The Samsung Galaxy Pocket (GT-S5300) is an Android smartphone manufactured by Samsung that was announced in March 2012. The handset is budget-oriented, sporting a relatively small 2.8-inch LCD. Its specifications are similar to that of the Samsung Galaxy Y. The Pocket is powered by an 832 MHz processor and offers a set of connectivity options including 3G, Wi-Fi and Bluetooth 3.0. Internally, it comes with 3 GiB of storage which can be further expanded to up to 32 GiB using a microSD card, and with 1200 mAh Li-ion battery.

Features 
The Samsung Galaxy Pocket comes with a tiny 2.80 inch QVGA Display. The device includes a 1200 mAh Li-ion battery, and offers a set of connectivity options including EDGE, HSDPA, Wi-Fi (b/g/n), and Bluetooth connectivity.  It also features GPS, a 2 megapixel rear camera, and the Social Hub app.
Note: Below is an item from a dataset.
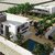 The model demonstrates integrated site and building coordination within a single Revit environment, covering architectural layout, site elements, and landscape components. The bird's-eye visualization provides a clear overview of space planning, circulation flow, and outdoor amenity distribution across the compound.

The Social Hub combines every account registered on the phone to be unified in a single app.  The phone runs Samsung's TouchWiz 3.0 skinned Android 2.3.6 OS. The Samsung Galaxy Pocket is marketed as "Pocket Friendly," because it can be slipped inside pockets easily due to its small size.

Sales 
The Samsung Galaxy Pocket was available to buy in the UK on 30 April 2012 for £95.99.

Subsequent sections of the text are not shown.